Top of MATERIAL SUPPLIED
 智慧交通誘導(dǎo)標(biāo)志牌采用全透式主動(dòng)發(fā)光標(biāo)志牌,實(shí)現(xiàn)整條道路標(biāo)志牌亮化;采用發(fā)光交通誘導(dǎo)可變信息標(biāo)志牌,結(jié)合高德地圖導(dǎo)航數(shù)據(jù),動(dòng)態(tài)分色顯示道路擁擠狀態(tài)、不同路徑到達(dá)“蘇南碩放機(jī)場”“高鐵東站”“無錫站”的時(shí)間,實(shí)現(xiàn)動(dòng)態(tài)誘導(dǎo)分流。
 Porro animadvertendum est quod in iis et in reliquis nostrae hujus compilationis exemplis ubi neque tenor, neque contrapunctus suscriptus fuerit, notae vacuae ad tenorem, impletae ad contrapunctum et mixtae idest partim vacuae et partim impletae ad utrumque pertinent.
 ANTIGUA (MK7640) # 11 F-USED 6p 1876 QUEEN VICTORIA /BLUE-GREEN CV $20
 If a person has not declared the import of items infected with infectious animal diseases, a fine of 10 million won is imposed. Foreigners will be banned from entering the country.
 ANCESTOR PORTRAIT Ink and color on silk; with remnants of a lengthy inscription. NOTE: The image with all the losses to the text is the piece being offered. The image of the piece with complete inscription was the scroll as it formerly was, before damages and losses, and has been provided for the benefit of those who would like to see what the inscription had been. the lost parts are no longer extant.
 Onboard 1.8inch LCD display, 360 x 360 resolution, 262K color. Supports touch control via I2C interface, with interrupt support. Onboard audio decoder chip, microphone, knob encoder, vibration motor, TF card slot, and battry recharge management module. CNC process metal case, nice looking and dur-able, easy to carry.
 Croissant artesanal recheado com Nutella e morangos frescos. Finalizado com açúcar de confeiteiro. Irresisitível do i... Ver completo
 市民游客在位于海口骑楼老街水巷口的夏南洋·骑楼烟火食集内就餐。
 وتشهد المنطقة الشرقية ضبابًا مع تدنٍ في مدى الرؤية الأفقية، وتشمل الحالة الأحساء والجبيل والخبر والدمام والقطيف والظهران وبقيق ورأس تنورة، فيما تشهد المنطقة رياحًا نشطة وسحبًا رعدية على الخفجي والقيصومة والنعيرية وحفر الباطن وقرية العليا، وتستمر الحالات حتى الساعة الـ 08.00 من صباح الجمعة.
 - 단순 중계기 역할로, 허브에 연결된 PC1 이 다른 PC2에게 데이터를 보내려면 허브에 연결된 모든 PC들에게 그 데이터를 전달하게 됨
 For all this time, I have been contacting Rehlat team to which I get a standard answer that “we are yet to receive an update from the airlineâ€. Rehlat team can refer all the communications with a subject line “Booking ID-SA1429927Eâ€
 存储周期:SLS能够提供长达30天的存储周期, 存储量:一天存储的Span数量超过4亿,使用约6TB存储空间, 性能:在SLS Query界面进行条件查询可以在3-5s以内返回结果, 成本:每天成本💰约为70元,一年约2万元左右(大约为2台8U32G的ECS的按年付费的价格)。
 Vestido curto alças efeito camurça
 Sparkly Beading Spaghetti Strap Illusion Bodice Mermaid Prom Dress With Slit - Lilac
Bottom of MATERIAL SUPPLIED
YOUR OBJECTIVE | Each entry above must be printed exactly as written.

ANSWER TO THE PROBLEM |
 智慧交通誘導(dǎo)標(biāo)志牌采用全透式主動(dòng)發(fā)光標(biāo)志牌,實(shí)現(xiàn)整條道路標(biāo)志牌亮化;采用發(fā)光交通誘導(dǎo)可變信息標(biāo)志牌,結(jié)合高德地圖導(dǎo)航數(shù)據(jù),動(dòng)態(tài)分色顯示道路擁擠狀態(tài)、不同路徑到達(dá)“蘇南碩放機(jī)場”“高鐵東站”“無錫站”的時(shí)間,實(shí)現(xiàn)動(dòng)態(tài)誘導(dǎo)分流。
 Porro animadvertendum est quod in iis et in reliquis nostrae hujus compilationis exemplis ubi neque tenor, neque contrapunctus suscriptus fuerit, notae vacuae ad tenorem, impletae ad contrapunctum et mixtae idest partim vacuae et partim impletae ad utrumque pertinent.
 ANTIGUA (MK7640) # 11 F-USED 6p 1876 QUEEN VICTORIA /BLUE-GREEN CV $20
 If a person has not declared the import of items infected with infectious animal diseases, a fine of 10 million won is imposed. Foreigners will be banned from entering the country.
 ANCESTOR PORTRAIT Ink and color on silk; with remnants of a lengthy inscription. NOTE: The image with all the losses to the text is the piece being offered. The image of the piece with complete inscription was the scroll as it formerly was, before damages and losses, and has been provided for the benefit of those who would like to see what the inscription had been. the lost parts are no longer extant.
 Onboard 1.8inch LCD display, 360 x 360 resolution, 262K color. Supports touch control via I2C interface, with interrupt support. Onboard audio decoder chip, microphone, knob encoder, vibration motor, TF card slot, and battry recharge management module. CNC process metal case, nice looking and dur-able, easy to carry.
 Croissant artesanal recheado com Nutella e morangos frescos. Finalizado com açúcar de confeiteiro. Irresisitível do i... Ver completo
 市民游客在位于海口骑楼老街水巷口的夏南洋·骑楼烟火食集内就餐。
 وتشهد المنطقة الشرقية ضبابًا مع تدنٍ في مدى الرؤية الأفقية، وتشمل الحالة الأحساء والجبيل والخبر والدمام والقطيف والظهران وبقيق ورأس تنورة، فيما تشهد المنطقة رياحًا نشطة وسحبًا رعدية على الخفجي والقيصومة والنعيرية وحفر الباطن وقرية العليا، وتستمر الحالات حتى الساعة الـ 08.00 من صباح الجمعة.
 - 단순 중계기 역할로, 허브에 연결된 PC1 이 다른 PC2에게 데이터를 보내려면 허브에 연결된 모든 PC들에게 그 데이터를 전달하게 됨
 For all this time, I have been contacting Rehlat team to which I get a standard answer that “we are yet to receive an update from the airlineâ€. Rehlat team can refer all the communications with a subject line “Booking ID-SA1429927Eâ€
 存储周期:SLS能够提供长达30天的存储周期, 存储量:一天存储的Span数量超过4亿,使用约6TB存储空间, 性能:在SLS Query界面进行条件查询可以在3-5s以内返回结果, 成本:每天成本💰约为70元,一年约2万元左右(大约为2台8U32G的ECS的按年付费的价格)。
 Vestido curto alças efeito camurça
 Sparkly Beading Spaghetti Strap Illusion Bodice Mermaid Prom Dress With Slit - Lilac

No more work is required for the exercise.